If we're talking about the negatives of marriage for women, I'm not sure I'd include cohabitation. Simply because even though marriage can be argued to 'trap' women, it also offers some protection in the event of relationship breakdown that isn't there for a woman living in a cohabiting relationship that fails. Of course, it's possible to enshrine all those benefits through legal means without getting married, but few people seem to do so and with rare exceptions it seems to be nearly always the woman who falls foul of it.
Not that that's an argument to get married, but in terms of the OP it's why I wouldn't necessarily lump in marriage and cohabitation in the same group.
In terms of daily life, I agree that there probably isn't much difference though. Legally marriage is a big deal, but it doesn't make any difference to how you live that marriage.
Do I think both suck? For a lot of women, sadly I think it does. I know several people who are happily married and for whom the benefits are obvious. Neither party in the relationship would be able to do what they do as a single person and both would experience a significant drop in income should they separate. Their respective families have become a united whole and, of course, perhaps most importantly
they love each other. They represent the idealised (modern) notion of marriage and how it should work. And for couples like this, it does work.

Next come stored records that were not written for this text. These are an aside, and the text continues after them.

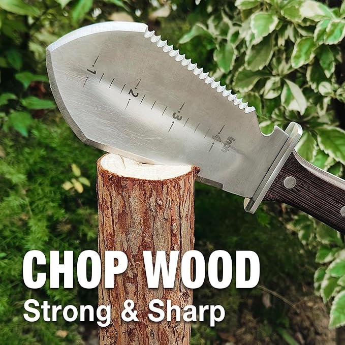 - Efficient & Versatile: Ideal for fast digging, weeding, and cutting. Serrated edge cuts ropes, woven bags, and plant roots, while sharp edge cuts through small branches.
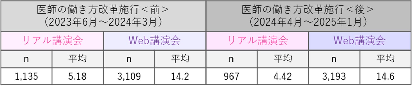 医師の働き方改革施行後はリアル講演会への参加が減少した。
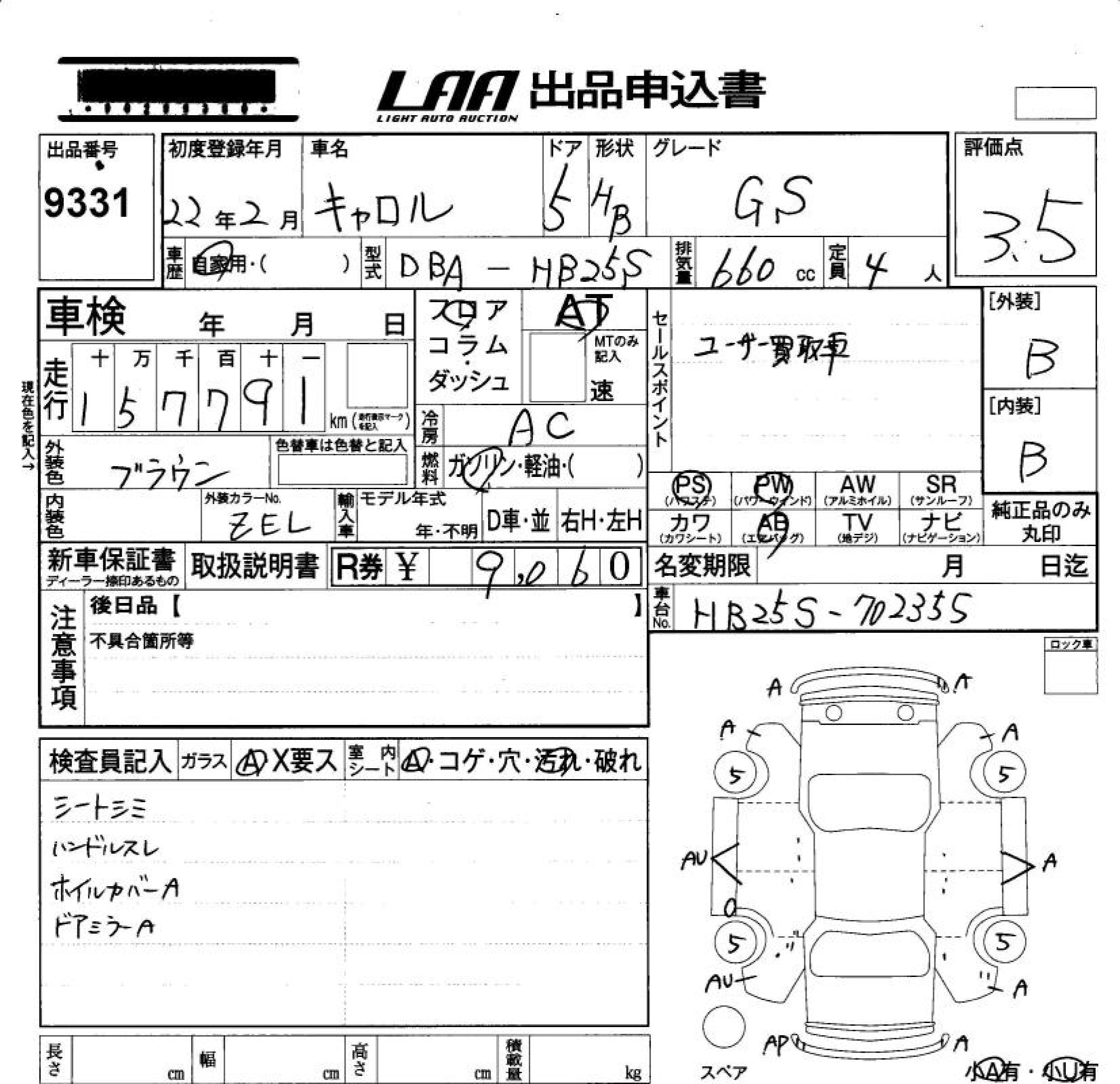 MAZDA CAROL GS - лот 9331

However, I don't believe that's the reality for the majority. Given the rate of relationship breakdown (combining divorce and cohabitation breakdown) the rate is about half. Of the remaining half, are they all happy? Of course, they're not. We all know people who are miserable together, or whose spouse is having an affair. THen you have domestic violence at a rate of 1 in 4. For me, the only conclusion is that for most women, marriage and cohabitation does not equate to happiness, love, fidelity, bodily integrity and respect. Factor in the research on poverty, which shows most women still earning less than men and much more likely to be poor - particularly on relationship breakdown which ^does not affect the man in the same way nor to anywhere near the same extent - and it's clear that marriage and cohabitation do not equal financial stability either unless you stick at it through thick and thin despite all else (including infidelity and abuse). To me, that seems to be the definition of 'trapped'.

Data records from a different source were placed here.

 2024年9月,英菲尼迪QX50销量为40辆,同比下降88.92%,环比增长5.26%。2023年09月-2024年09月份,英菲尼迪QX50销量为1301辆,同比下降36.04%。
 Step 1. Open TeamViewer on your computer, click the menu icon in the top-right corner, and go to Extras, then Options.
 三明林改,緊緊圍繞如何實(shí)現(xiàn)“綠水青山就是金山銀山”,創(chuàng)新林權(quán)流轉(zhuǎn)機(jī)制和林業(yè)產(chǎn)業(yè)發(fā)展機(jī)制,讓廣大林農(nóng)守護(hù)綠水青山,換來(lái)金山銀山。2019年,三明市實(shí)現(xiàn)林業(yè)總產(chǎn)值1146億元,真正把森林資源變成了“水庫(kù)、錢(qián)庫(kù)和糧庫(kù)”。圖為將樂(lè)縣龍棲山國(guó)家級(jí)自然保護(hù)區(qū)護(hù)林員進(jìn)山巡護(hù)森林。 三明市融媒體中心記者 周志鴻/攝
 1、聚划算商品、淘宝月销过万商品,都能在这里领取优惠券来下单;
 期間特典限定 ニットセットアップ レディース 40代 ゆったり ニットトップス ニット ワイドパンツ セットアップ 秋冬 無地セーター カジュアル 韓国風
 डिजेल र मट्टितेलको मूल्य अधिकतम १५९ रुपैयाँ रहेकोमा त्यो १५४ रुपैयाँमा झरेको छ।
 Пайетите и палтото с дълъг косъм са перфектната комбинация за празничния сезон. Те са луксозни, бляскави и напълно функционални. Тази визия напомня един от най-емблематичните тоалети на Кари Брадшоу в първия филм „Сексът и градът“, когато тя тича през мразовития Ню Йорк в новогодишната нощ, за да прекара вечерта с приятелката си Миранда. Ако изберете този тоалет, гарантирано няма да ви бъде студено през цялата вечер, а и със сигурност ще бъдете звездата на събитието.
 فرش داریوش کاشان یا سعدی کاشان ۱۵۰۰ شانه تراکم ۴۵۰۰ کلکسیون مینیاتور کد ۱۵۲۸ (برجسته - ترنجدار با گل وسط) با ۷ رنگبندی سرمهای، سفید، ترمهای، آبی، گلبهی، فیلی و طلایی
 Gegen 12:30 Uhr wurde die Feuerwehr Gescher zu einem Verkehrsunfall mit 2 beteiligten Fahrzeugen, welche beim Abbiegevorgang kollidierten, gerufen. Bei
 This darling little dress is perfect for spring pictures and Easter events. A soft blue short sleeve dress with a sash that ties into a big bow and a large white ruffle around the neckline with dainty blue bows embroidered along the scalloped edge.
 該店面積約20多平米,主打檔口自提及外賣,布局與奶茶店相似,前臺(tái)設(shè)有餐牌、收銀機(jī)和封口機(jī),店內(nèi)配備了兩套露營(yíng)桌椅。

I think marriage is a by-product of a different age, when society was organised on different lines. I don't think you can look at it without taking into account its cultural backdrop. Of course, it has changed over time. The over-riding reason for marriage now is love, whereas not so long ago that was probably at the bottom of the list of reasons to get married, when it was all about property union. That doesn't mean that all of the effects of those original purposes for marriage have vanished though. Women remain more likely to be raped and assaulted by their marriage partner than they do a random person on the street, they are still more likely to be the secondary earner and so more vulnerable.

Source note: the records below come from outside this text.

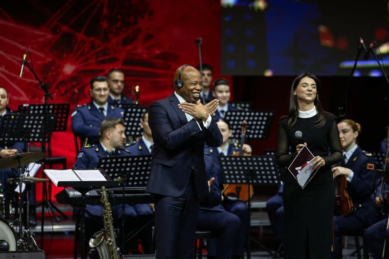 Λίγες ώρες αφού κατέθεσε τα βιομετρικά του στοιχεία σε δημοτικό γραφείο στα Τίρανα, ο πρώην δήμαρχος της Νέας Υόρκης, Έρικ Άνταμς, εμφανίστηκε σε εκδήλωση της αλβανικής διασποράς, φορώντας το παραδοσιακό λευκό καπέλο πλις και με φόντο τη σημαία της χώρας.
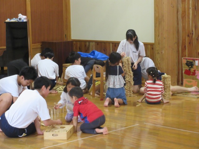 体を動かす遊びの時間になると、園児に誘われて3年生も一緒に遊戯場へ。ボール・フラフープ・ミニ平均台などを使って遊んだり、木の板を使った積み上げゲームやドミノ倒しに挑戦したりして楽しんでいました。ここまでくると、3年生も園児とすっかり打ち解け合い、手をつないだり抱っこしたりと仲睦まじい光景を見ることができました。
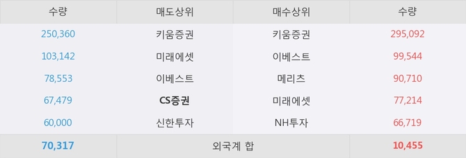 거래원 동향은 메리츠, 미래에셋, NH투자 등이 매수 상위 목록에 나타나고 있다. 한편, 매도 창구 상위에는 CS증권이 눈에 띄고 있다.
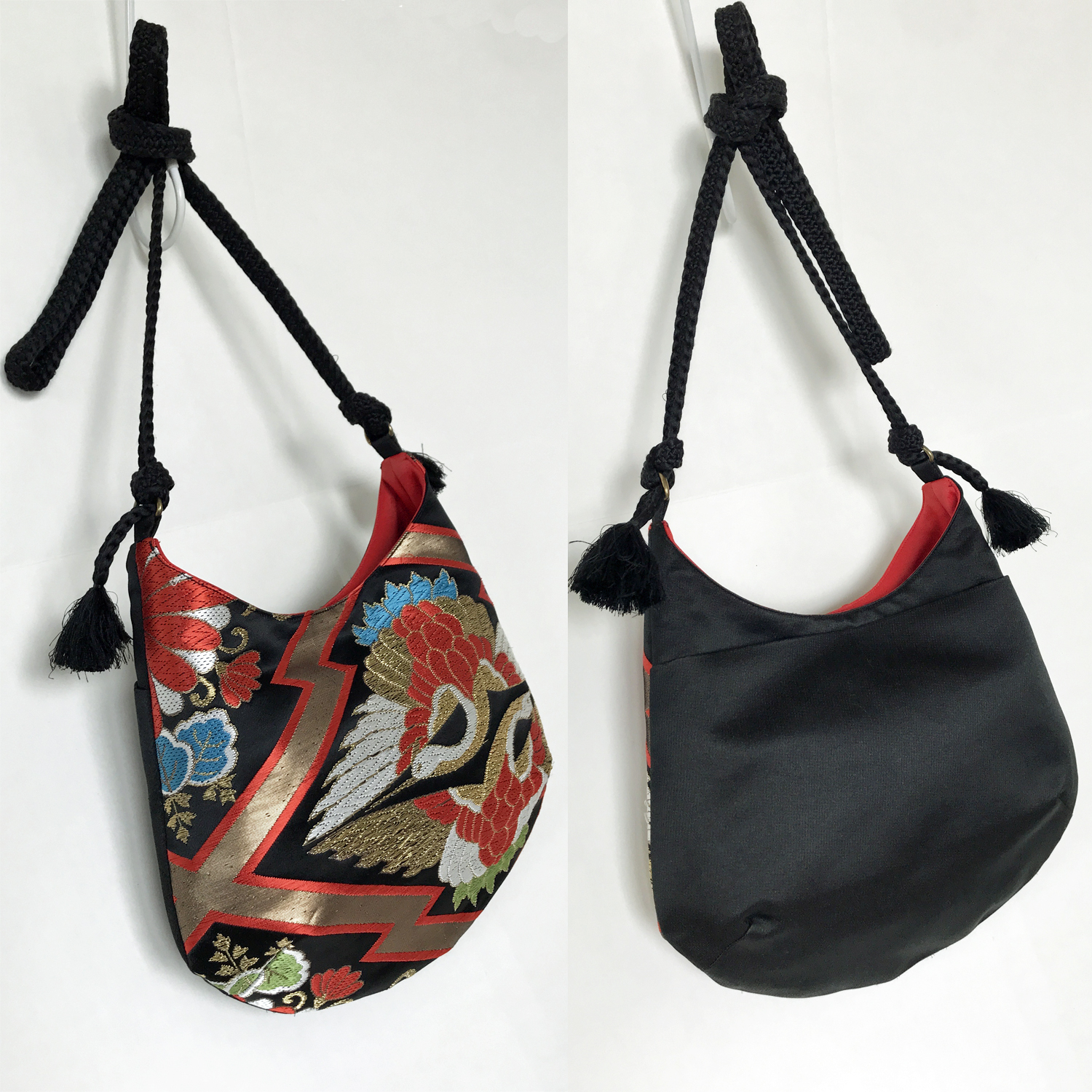 A bag is made of beautiful vintage Japanese brocade obi and lined with kimono fabric.
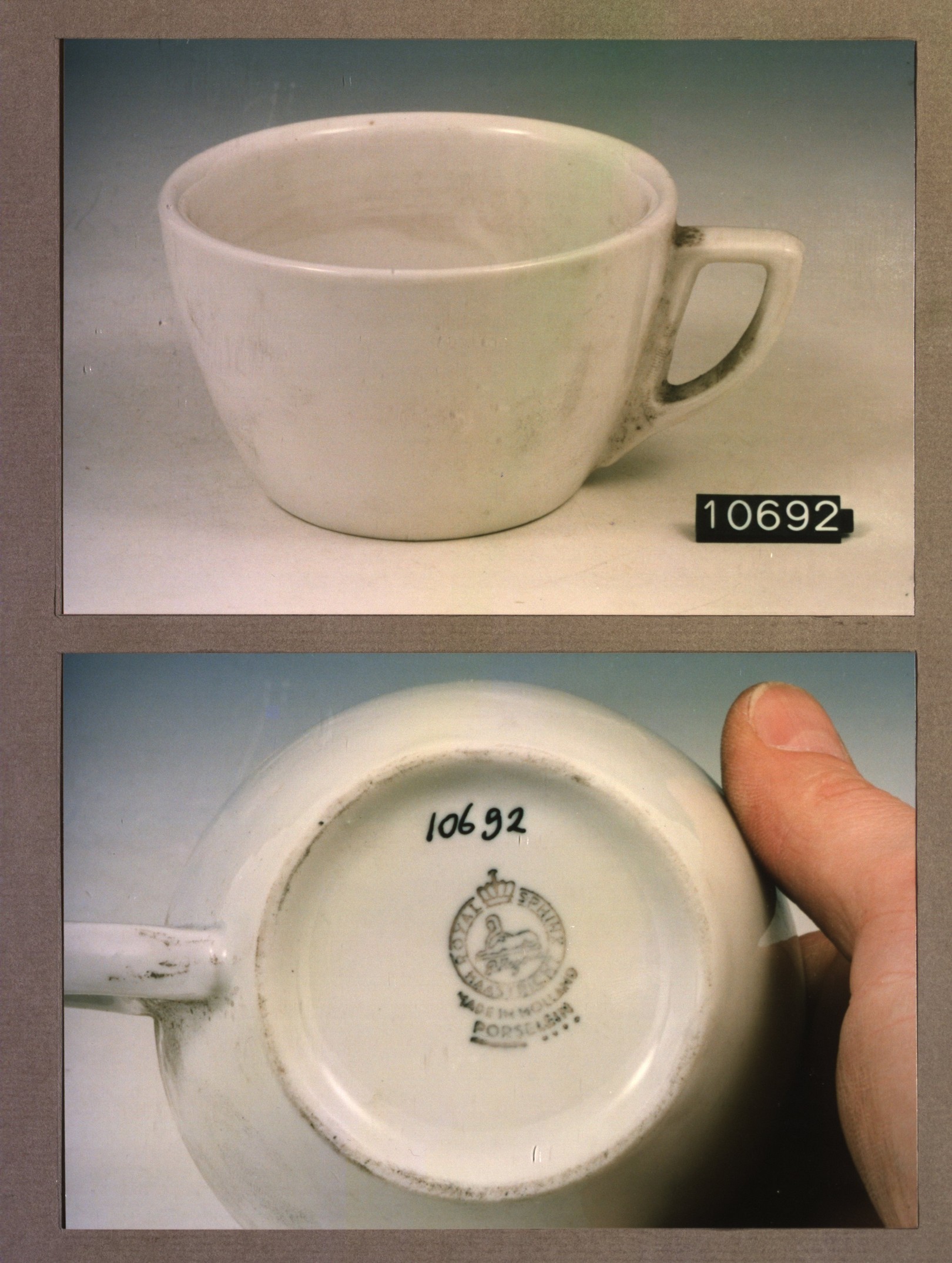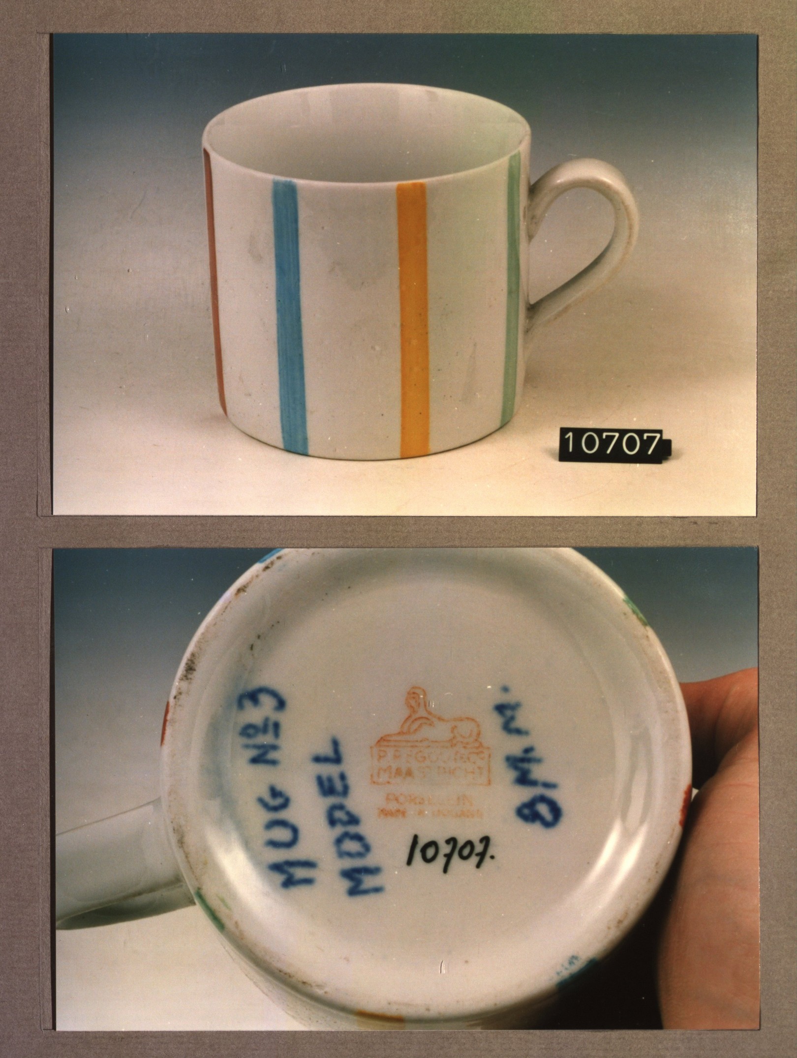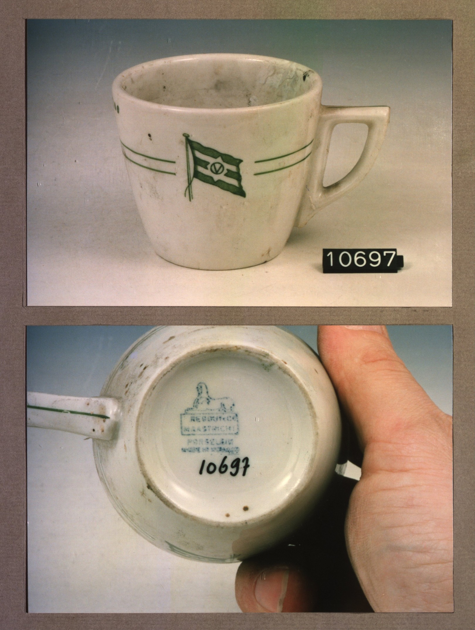 Kop met opschrift, model Modern met decor Warenhuis V&D

Do I judge individual women for getting married? Of course not. Like I said, when marriage does work for both partners, it can work exceptionally well. It's a cornerstone of our culture and the building block of society. It's normal and as such it would be crazy to judge individual women for making a normal decision - especially if they are one for whom it does actually work quite well. However, that doesn't stop me from thinking that, generally speaking, marriage hurts more women than it protects and is only one way of organising your life. If there was a true choice in how we live our lives (e.g. no one batted an eyelid at other choices and our economy was geared up to different types of household rather than the heterosexual pair bond) I think we'd see a lot more variety and have a much nicer society. I think we'd find a lot more same-sex platonic households in which sex was something that happened in a relationship but not a cohabiting/married one. We'd still have married couples, but we'd have variety, and personally I think that would be a good thing and provide much greater stability for a lot of children.